What are the lines, copied exactly, from the one containing "また、5年2組の教室では、教" through the final line of the material? Leave the pictures out.

= Beginning of Section =

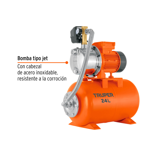 EQUIPO HIDRONEUMATICO 24L, BOMBA JET INOX. 3/4 HP, TRUPER
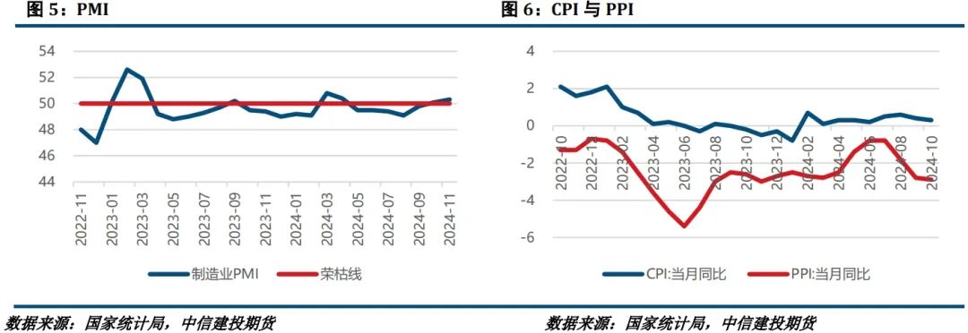 随着一系列存量政策和增量政策持续协同发力,11月份制造业采购经理指数为50.3%,比上月上升0.2个百分点;非制造业商务活动指数为50.0%,比上月下降0.2个百分点;综合PMI产出指数为50.8%,与上月持平,我国经济景气水平总体保持稳定扩张。此外,国家统计局发布数据显示, 10月份规模以上工业企业利润同比下降10%,降幅较9月份大幅收窄17.1个百分点,41个工业大类行业中,27个行业盈利较上月好转。
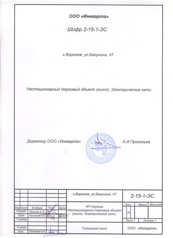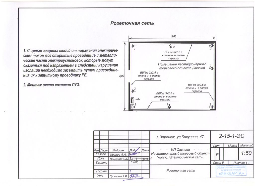 Проектирование электрических сетей киоска, 2015 г.
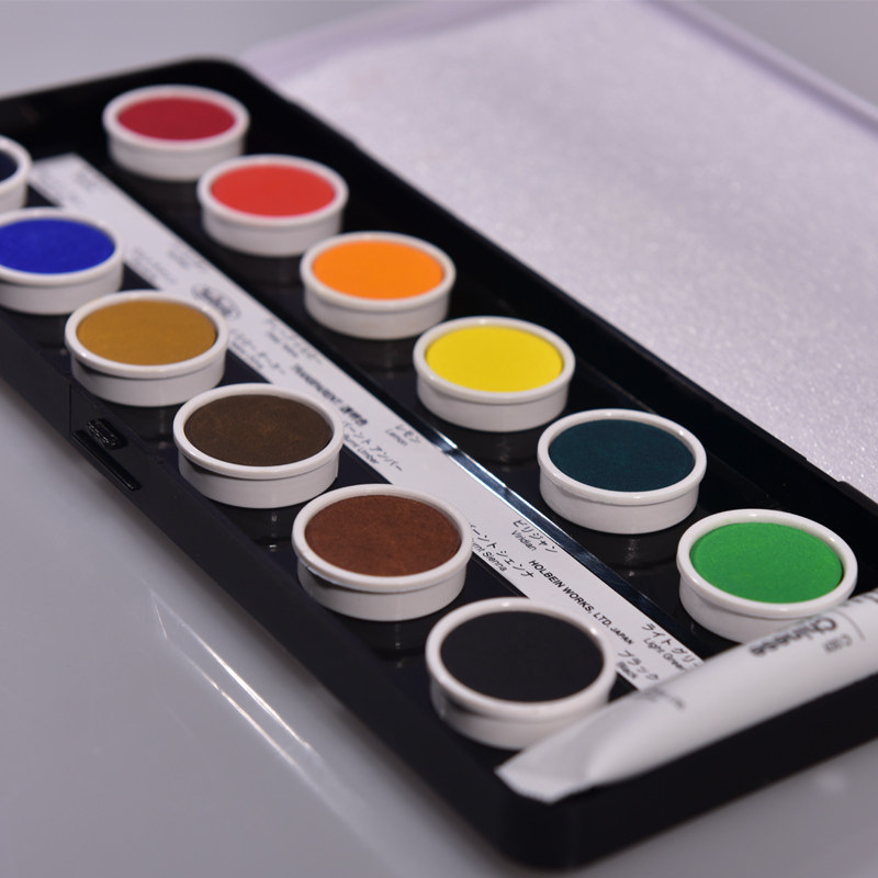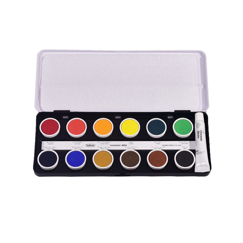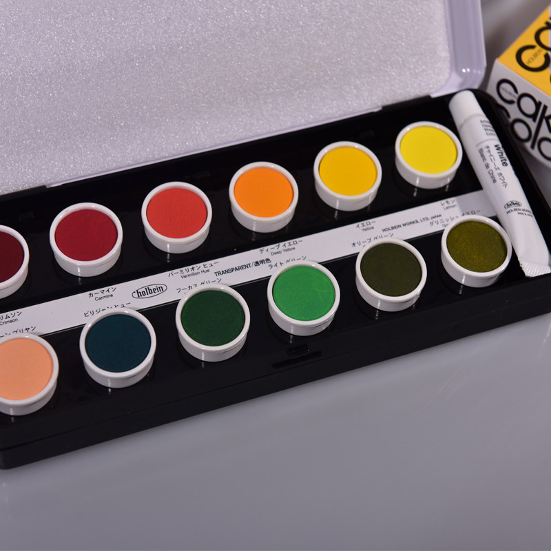 Hohlbein net red disc red box opaque cake water color 12 24 color solid watercolor paint
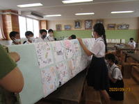 また、5年2組の教室では、教育実習生の先生のお別れ会で寄せ書きのプレゼントがあっていました。
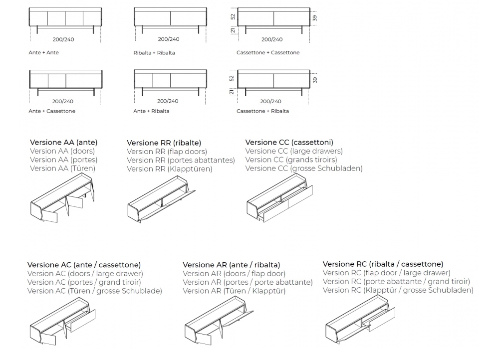 Gastone von Carlo Colombo für Gallotti&Radice entworfen, ist ein Sideboard aus glänzend lackiertem Holz in den Farben “Grigio Londra”, “Nero Giza”, “Bianco Camargue”, “Verde Provenza”, “Blu Pacifico”, “Bordeaux Etruria” oder “Rosa Jaipur”. Innenteile in der Farbe “grape must” (NCS S 5020-R10B). Obere Platte in der gleichen Ausführung wie das Sideboard. Auf Aufrage obere Platte aus Marmor Travertino Romano natur gebürstet (nicht resiniert) oder Ceppo di Gré® gebürstet. Auf Wunsch geformtes oberes Platte aus vorgespanntem Glas Extralight 8mm. Das Modul mit Türen kann mit einem Innenboden aus Glas Extralight und das Modul mit grosse Schubladen mit einer Innenschublade geliefert werden. Lieferbar in fixen Kompositionen.
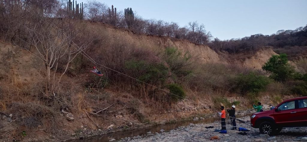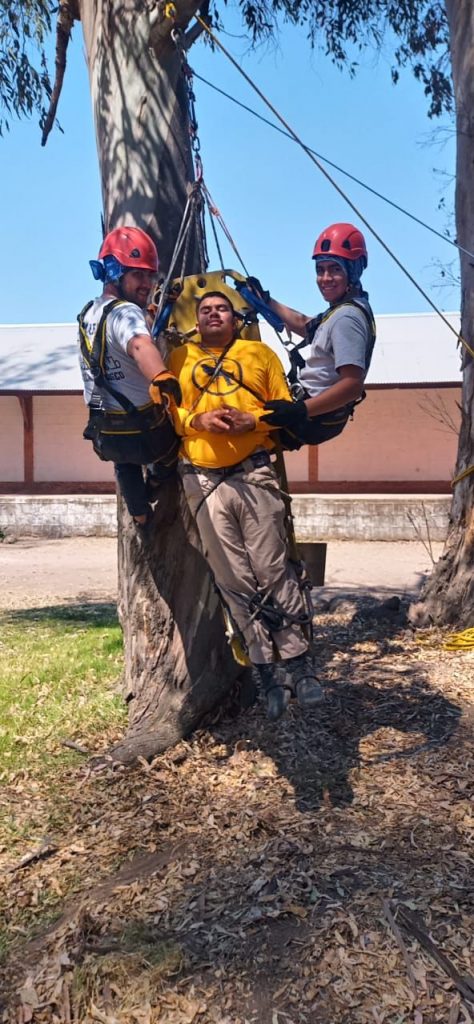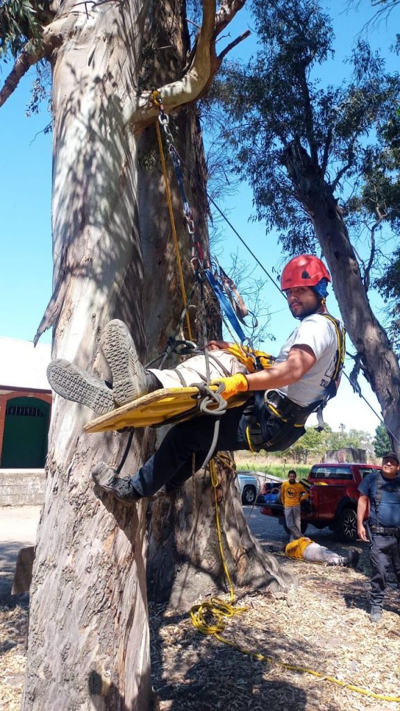 Dentro de los ejercicios prácticos, se enseñó a los elementos a realizar la maniobra conocida como “polipasto guiado” para cruce de ríos o barrancos, misma que consiste en trasladar en una camilla rígida al paciente sobre un río o barranco.

= End of Section =

:: TASK RESULT ::
 また、5年2組の教室では、教育実習生の先生のお別れ会で寄せ書きのプレゼントがあっていました。
 Gastone von Carlo Colombo für Gallotti&Radice entworfen, ist ein Sideboard aus glänzend lackiertem Holz in den Farben “Grigio Londra”, “Nero Giza”, “Bianco Camargue”, “Verde Provenza”, “Blu Pacifico”, “Bordeaux Etruria” oder “Rosa Jaipur”. Innenteile in der Farbe “grape must” (NCS S 5020-R10B). Obere Platte in der gleichen Ausführung wie das Sideboard. Auf Aufrage obere Platte aus Marmor Travertino Romano natur gebürstet (nicht resiniert) oder Ceppo di Gré® gebürstet. Auf Wunsch geformtes oberes Platte aus vorgespanntem Glas Extralight 8mm. Das Modul mit Türen kann mit einem Innenboden aus Glas Extralight und das Modul mit grosse Schubladen mit einer Innenschublade geliefert werden. Lieferbar in fixen Kompositionen.
 Dentro de los ejercicios prácticos, se enseñó a los elementos a realizar la maniobra conocida como “polipasto guiado” para cruce de ríos o barrancos, misma que consiste en trasladar en una camilla rígida al paciente sobre un río o barranco.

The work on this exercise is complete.